▸ Work item: When you copy the listing, reproduce each line as it appears and omit every image.

■ ■ ■ ■ ■

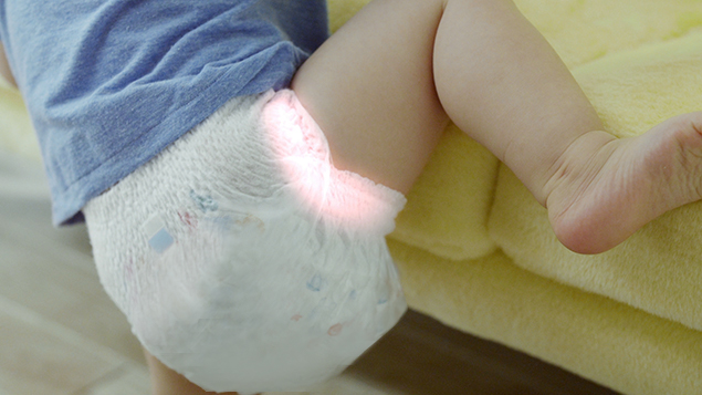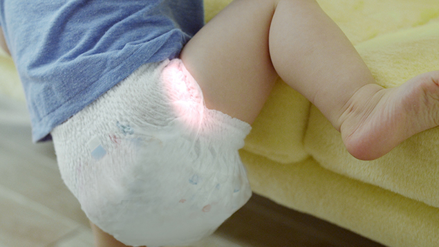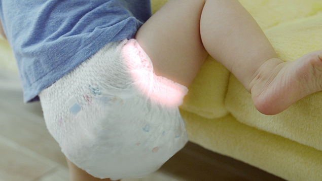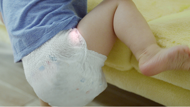 Khi bé tiểu, vạch chỉ thị sẽ chuyển sang màu xanh lam, điều này sẽ giúp dễ dàng biết được thời điểm cần thay tã cho bé
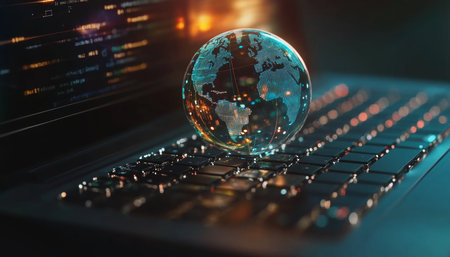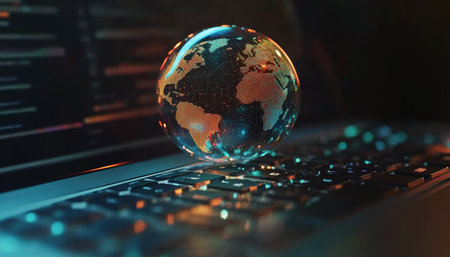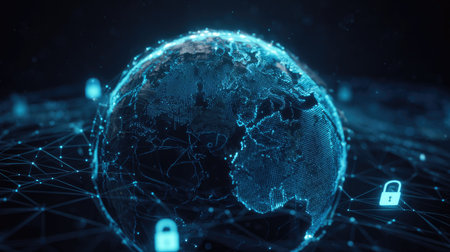An illustration depicts a glowing digital globe surrounded by numerous padlocks. The composition features a dark background, highlighted by the vibrant blue hues of the planet and security symbols. This visual could be used to symbolize global communication, information technology, and data protection in various commercial contexts.
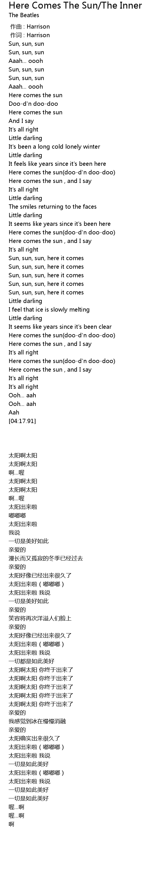 | [03:25.94] | Here comes the sun(doo-d'n doo-doo) |
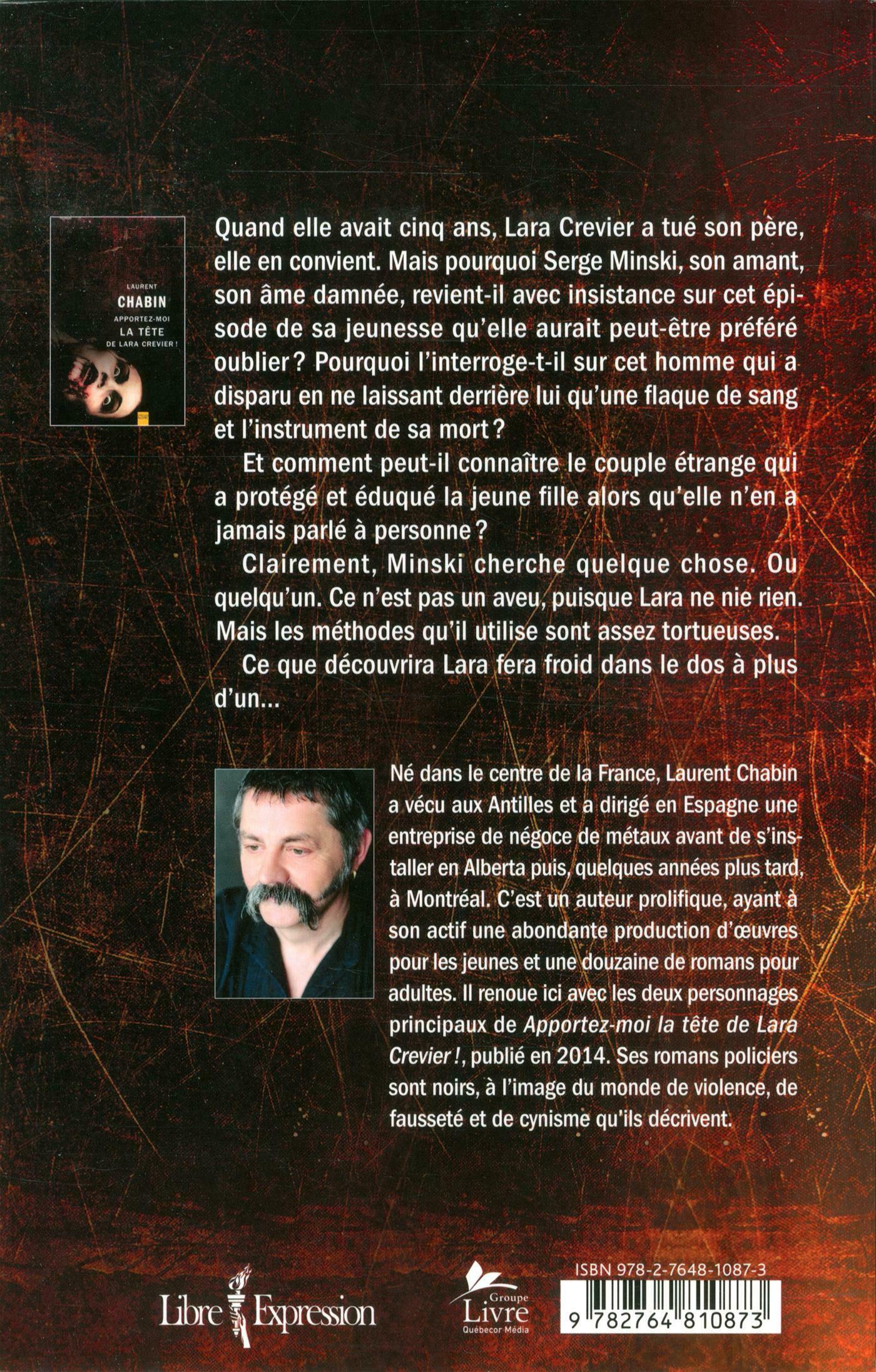 Quand elle avait cinq ans, Lara Crevier a tué son père, elle en convient. Mais pourquoi Serge Minski, son amant, son âme damnée, revient-il avec insistance sur cet épisode de sa jeunesse qu'elle aurait peut-être préféré oublier ? Pourquoi l'interroge-t-il sur cet homme qui a disparu en ne laissant derrière lui qu'une flaque de sang et l'instrument de sa mort ? . .Et comment peut-il connaître le couple étrange qui a protégé et éduqué la jeune fille alors qu'elle n'en a jamais parlé à personne ? . .Clairement, Minski cherche quelque chose. Ou quelqu'un. Ce n'est pas un aveu, puisque Lara ne nie rien. Mais les méthodes qu'il utilise sont assez tortueuses. . .Ce que découvrira Lara fera froid dans le dos à plus d'un…
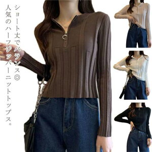 ニット 送料無料 脚長効果 長袖 セーター ハイネック ニットトップス プルオーバー レディース ファスナー 秋 春 おしゃれ ショート丈
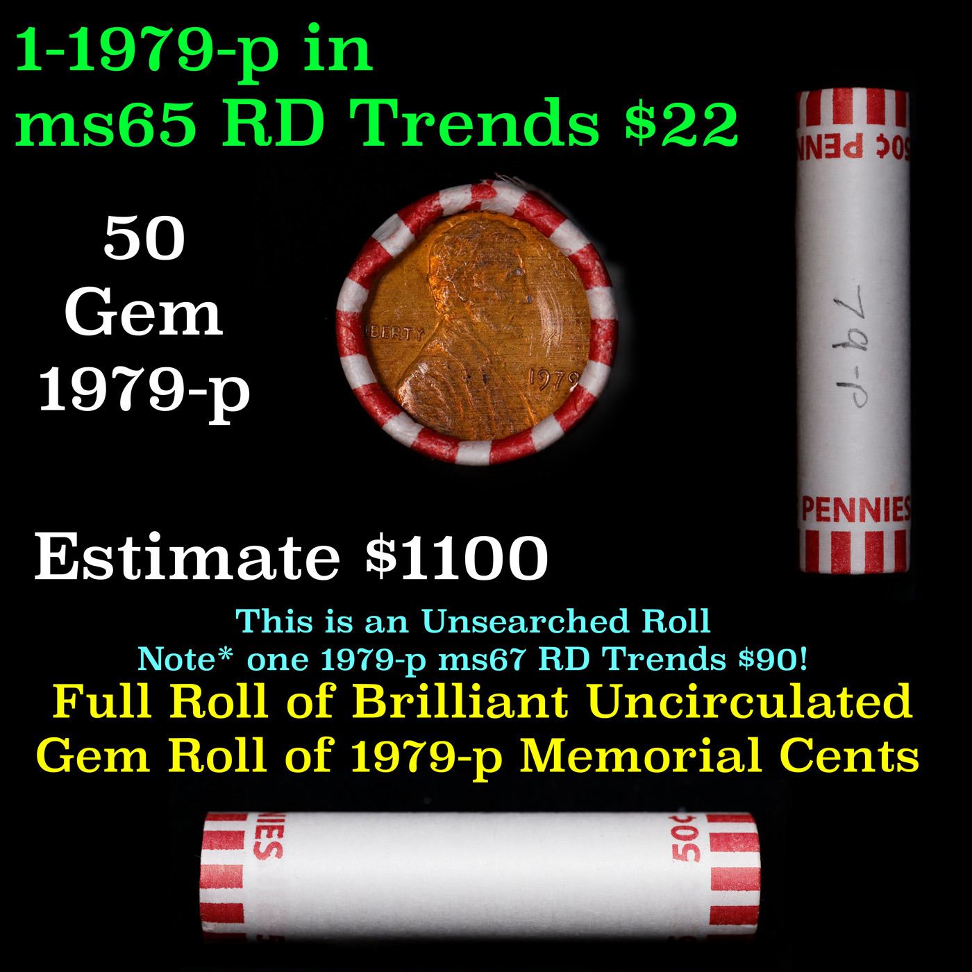 Shotgun Lincoln 1c roll, 1979-p 50 pcs Bank Wrapper.. A terrific Shotgun roll of Lincoln cents. Most if not all coin should be cherry red.
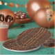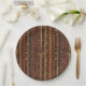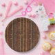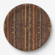 Warm geometric stripe pattern paper plate featuring tribal-inspired diamonds, zigzags, and textured vertical bands in earthy brown, terracotta, tan, beige, and charcoal tones. A cozy boho design ideal for southwestern décor lovers, rustic style fans, and anyone drawn to earthy, handcrafted aesthetics.
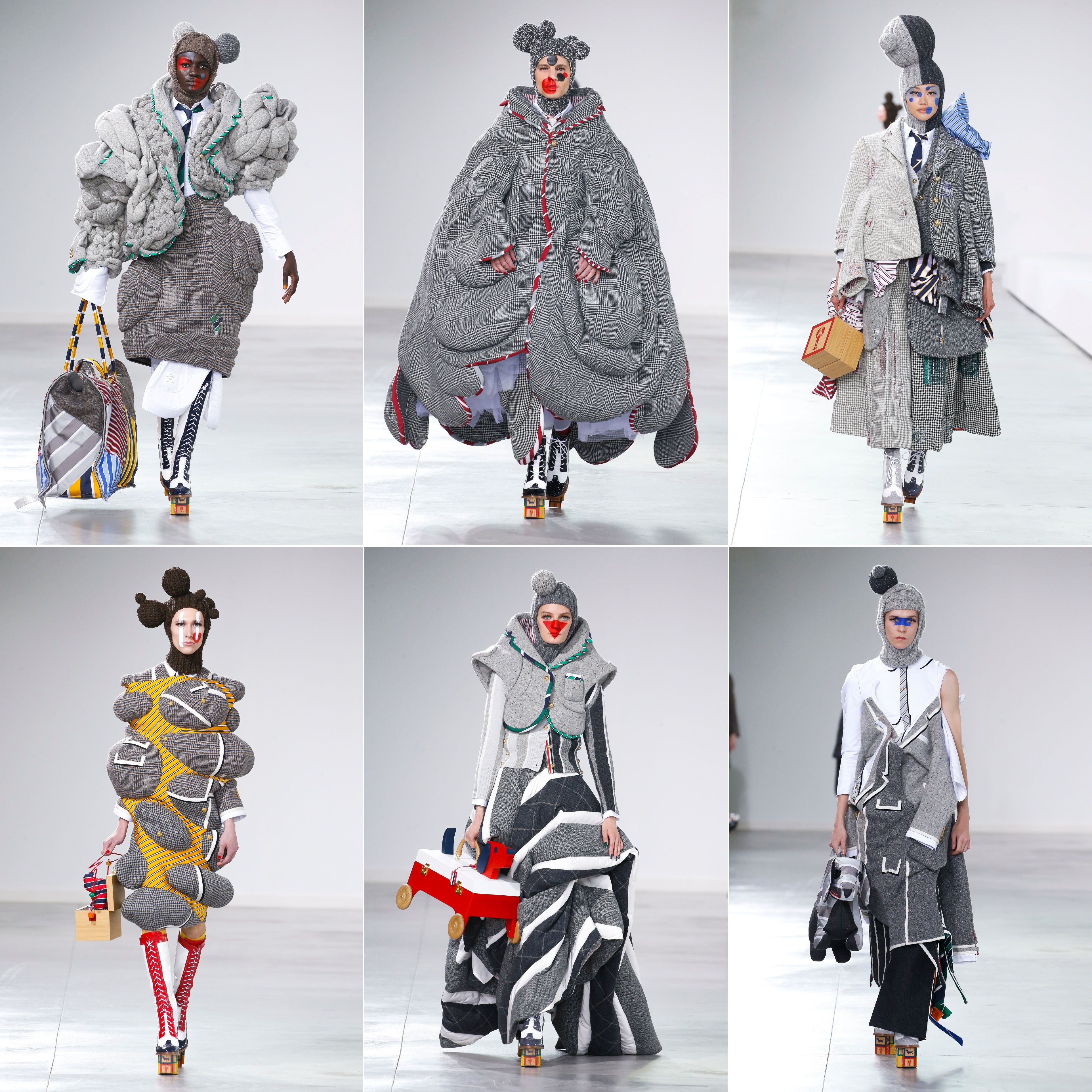 The show could be considered a two-parter: the first, what would be ‘standard’ (not disparagingly) Thom Browne. The regatta blazer with a particularly constricted tailoring that is very much a part of the brand’s recognisability plays its versatile role. The pieces are designed to be gender-neutral—teamed with skirts, no-issue staples among the guys. Most are pleated, with inserts that could be club ties. Or, paneled with what could be fancy washing machine outlet hoses, in clashing fabrics. Some of the skirts are above the knee and worn over demure wide-cuffed culottes. On the whole, the outfits are enchanting, with a digestible schoolhouse prim that is possibly even more appealing, perhaps, in the US, where the wearing of school uniforms is not adopted.
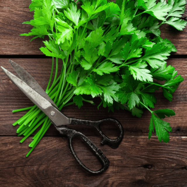 - Fruit de shii-take (zonder steel) kort aan in margarine. Breng op smaak met peper, zout en peterselie.
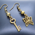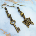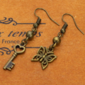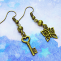 アンティークゴールドカラーの蝶のモチーフとハートのついたカギのモチーフを組合せたアシンメトリーピアスです

■ ■ ■ ■ ■

▸ Result of this exercise:
 Khi bé tiểu, vạch chỉ thị sẽ chuyển sang màu xanh lam, điều này sẽ giúp dễ dàng biết được thời điểm cần thay tã cho bé
An illustration depicts a glowing digital globe surrounded by numerous padlocks. The composition features a dark background, highlighted by the vibrant blue hues of the planet and security symbols. This visual could be used to symbolize global communication, information technology, and data protection in various commercial contexts.
 | [03:25.94] | Here comes the sun(doo-d'n doo-doo) |
 Quand elle avait cinq ans, Lara Crevier a tué son père, elle en convient. Mais pourquoi Serge Minski, son amant, son âme damnée, revient-il avec insistance sur cet épisode de sa jeunesse qu'elle aurait peut-être préféré oublier ? Pourquoi l'interroge-t-il sur cet homme qui a disparu en ne laissant derrière lui qu'une flaque de sang et l'instrument de sa mort ? . .Et comment peut-il connaître le couple étrange qui a protégé et éduqué la jeune fille alors qu'elle n'en a jamais parlé à personne ? . .Clairement, Minski cherche quelque chose. Ou quelqu'un. Ce n'est pas un aveu, puisque Lara ne nie rien. Mais les méthodes qu'il utilise sont assez tortueuses. . .Ce que découvrira Lara fera froid dans le dos à plus d'un…
 ニット 送料無料 脚長効果 長袖 セーター ハイネック ニットトップス プルオーバー レディース ファスナー 秋 春 おしゃれ ショート丈
 Shotgun Lincoln 1c roll, 1979-p 50 pcs Bank Wrapper.. A terrific Shotgun roll of Lincoln cents. Most if not all coin should be cherry red.
 Warm geometric stripe pattern paper plate featuring tribal-inspired diamonds, zigzags, and textured vertical bands in earthy brown, terracotta, tan, beige, and charcoal tones. A cozy boho design ideal for southwestern décor lovers, rustic style fans, and anyone drawn to earthy, handcrafted aesthetics.
 The show could be considered a two-parter: the first, what would be ‘standard’ (not disparagingly) Thom Browne. The regatta blazer with a particularly constricted tailoring that is very much a part of the brand’s recognisability plays its versatile role. The pieces are designed to be gender-neutral—teamed with skirts, no-issue staples among the guys. Most are pleated, with inserts that could be club ties. Or, paneled with what could be fancy washing machine outlet hoses, in clashing fabrics. Some of the skirts are above the knee and worn over demure wide-cuffed culottes. On the whole, the outfits are enchanting, with a digestible schoolhouse prim that is possibly even more appealing, perhaps, in the US, where the wearing of school uniforms is not adopted.
 - Fruit de shii-take (zonder steel) kort aan in margarine. Breng op smaak met peper, zout en peterselie.
 アンティークゴールドカラーの蝶のモチーフとハートのついたカギのモチーフを組合せたアシンメトリーピアスです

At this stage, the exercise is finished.